Parliament candidates and activists of the opposition Conservatives Party are being trained and indoctrinated by a far-right group fanning extremist ideologies.

"It beggars belief that the Conservative party should be so reliant for the training of some of its candidates and thousands of its young activists on an organization headed by people with such extremist views," Labour MP Jon Cruddas, who chairs a campaign against rightwing extremism in the election, told the Guardian Saturday, March 6.

At least 11 Tory candidates for the May general elections have partook in a recent training course run by the extremist rightwing Young Britons' Foundation.

The YBF is the main provider of training for young Conservative activists, according to sources close to the Tories.

"We have been described as a Conservative madrasah, so we bring the next generation out to the States and bring them back radicalized," YBF Co-founder and Chief Executive Donal Blaney said.

So far, the right-wing group has trained over 2,500 Conservative party activists.

Formed in 2003, the YBF has strong links with the American neo-conservative movement. It regularly sends activists to training trips to the US.

"We go into schools and we proselytize conservatism and we get hold of the best kids and train them up," Blaney said.

In 2008, Blaney took Tory activists to the Blue Ridge Arsenal in Virginia to train on using firearms.

According to his website, Blaney, who is responsible for training young politicians, believes that environmental protesters who trespass should be shot down.

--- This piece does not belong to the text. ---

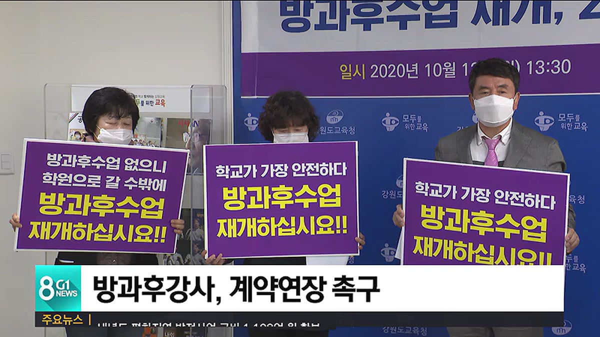 방과후강사노조 강원지부는 "방과후학교를 재개해 교육공백을 해소하고 방과후강사의 생계문제도 해결해야 한다"고 밝혔습니다.

He also supports waterboarding of prisoners and the adoption of America's liberal gun ownership laws.

To the shocking of the majority of Britons, Blaney also calls for scarping the national medical insurance system considering it a waste of money.

Embarrassing

The revelation has embarrassed the Tories, which are tipped to win the May general elections.

"It shows the conflict between the smiling, liberal face of (Conservative Party Leader David) Cameron and the real gut feeling that some Tories have," former deputy prime minister John Prescott told the Guardian.

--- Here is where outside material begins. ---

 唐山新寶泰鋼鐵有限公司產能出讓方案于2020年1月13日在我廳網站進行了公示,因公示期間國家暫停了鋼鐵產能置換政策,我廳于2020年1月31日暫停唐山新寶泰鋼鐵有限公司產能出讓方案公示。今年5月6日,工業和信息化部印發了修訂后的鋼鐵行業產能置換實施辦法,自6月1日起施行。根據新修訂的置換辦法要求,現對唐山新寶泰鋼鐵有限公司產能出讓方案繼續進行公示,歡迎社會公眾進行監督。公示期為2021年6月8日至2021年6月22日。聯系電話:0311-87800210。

"Cameron must disown the YBF now.

"This calls into question whether this organization reflects the true face of the Tory party."

When asked about their involvement with the right-wing group, Conservative Party officials tried to distance themselves from it.

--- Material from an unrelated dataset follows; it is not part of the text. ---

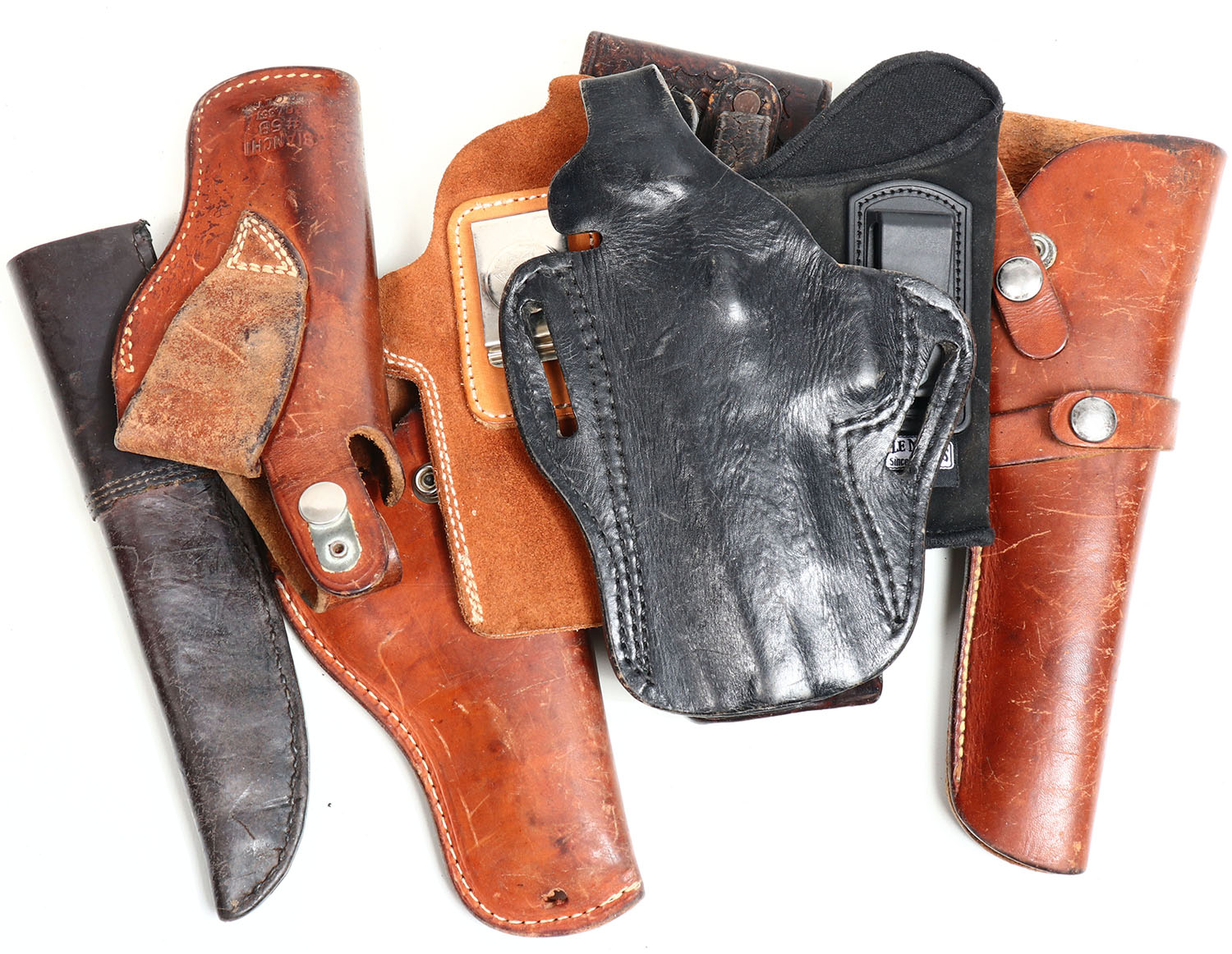 Lot of antique leather pistol holsters. Grade: Very Good ++ - Value: 20 to 60

"I am not endorsing them," said shadow defense secretary Liam Fox, who spoke at the annual YBF parliamentary rally at the House of Commons, which was chaired by Blaney.

"I was there explaining Conservative party policy on defense.

"I speak to lots of organizations; it doesn't mean I support them."

Conservative Party Chairman Eric Pickles also said he did not know about Blaney's extremist views.

Conservative Central Office also said it has no official links with the YBF and does not pay it for its services.

But it added that it strongly recommends activists to attend Blaney's courses.